E4-ORF3 clears the way for adenovirus to proliferate by deactivating genes that help the cell defend itself against the virus. This was discovered by O'Shea two years ago.
E4-ORF3 clears the way for adenovirus to proliferate by deactivating genes that help the cell defend itself against the virus. This was discovered by O'Shea two years ago. "It literally creates zip files of p53 target genes by compressing them until they can no longer be read," she explains.
E4-ORF3 self-assembles inside cells into a disordered, web-like structure that captures and inactivates different tumor suppressor protein complexes. Horng Ou, a postdoctoral researcher in O'Shea's laboratory, says E4-ORF3 is unusual. "It doesn't resemble any known proteins that assemble polymers or that function in cellular tumor suppressor pathways," he says. "Most cellular polymers and filaments form uniform, rigid chains. But E4-ORF3 is the virus's Swiss army knife----it assembles into something that is highly versatile. It has the ability to build itself into all sorts of different shapes and sizes that can capture and deactivate the many defenses of a host cell."

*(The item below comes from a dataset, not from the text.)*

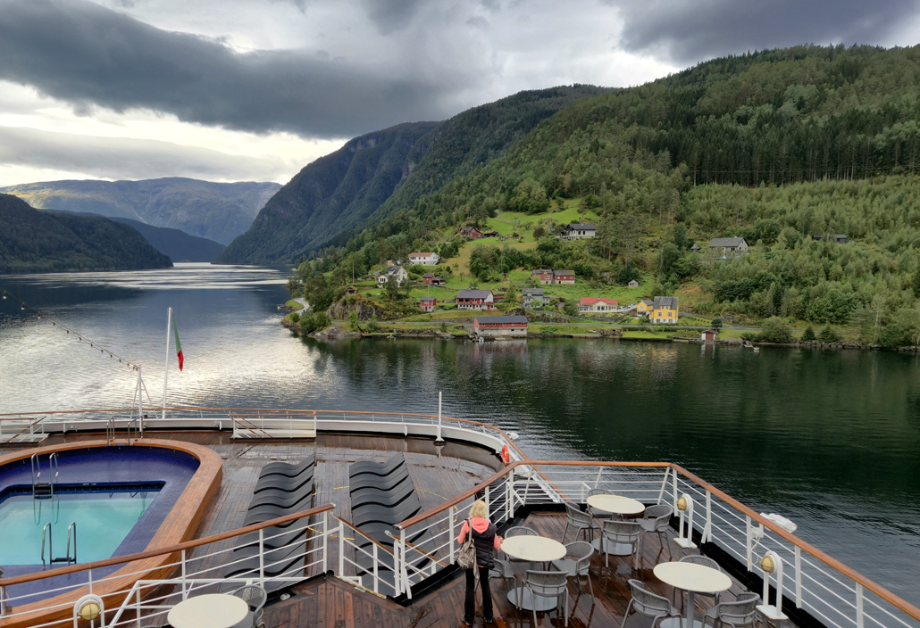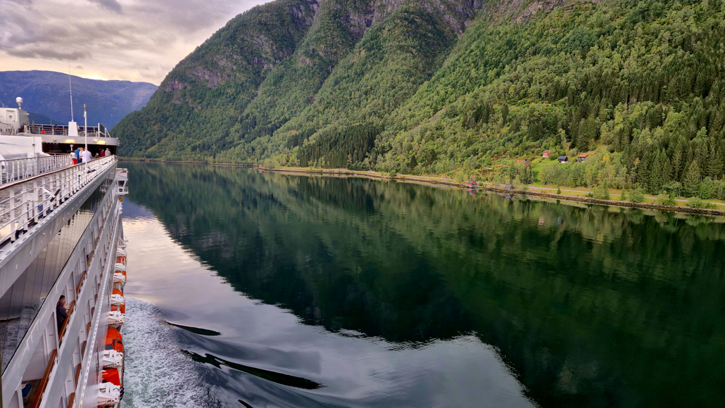 Was sich auch ergibt, sind immer wieder entzückende Aussichten auf den Fjord, die liebliche Landschaft und die stolze Vasco da Gama, die ruhig auf dem Wasser liegt und den Eindruck macht, als würde sie auch die Unaufgeregtheit dieses Ortes einfach nur genießen.

In collaboration with scientists from the National Center for Microscopy and Imaging Research at University of California, San Diego, led by Mark Ellisman, the center's director, O'Shea's team used new techniques to reveal the ultrastructure of the remarkable polymer that E4-ORF3 assembles in the nucleus----something that previously had proven difficult since the polymer is effectively invisible using conventional electron microscopy. "What you see is the E4-ORF3 polymer bending and weaving and twisting its way through the nucleus," she says. "It does appear to have a single repeating pattern and creates a matrix that captures several different tumor suppressors and silences p53 target genes."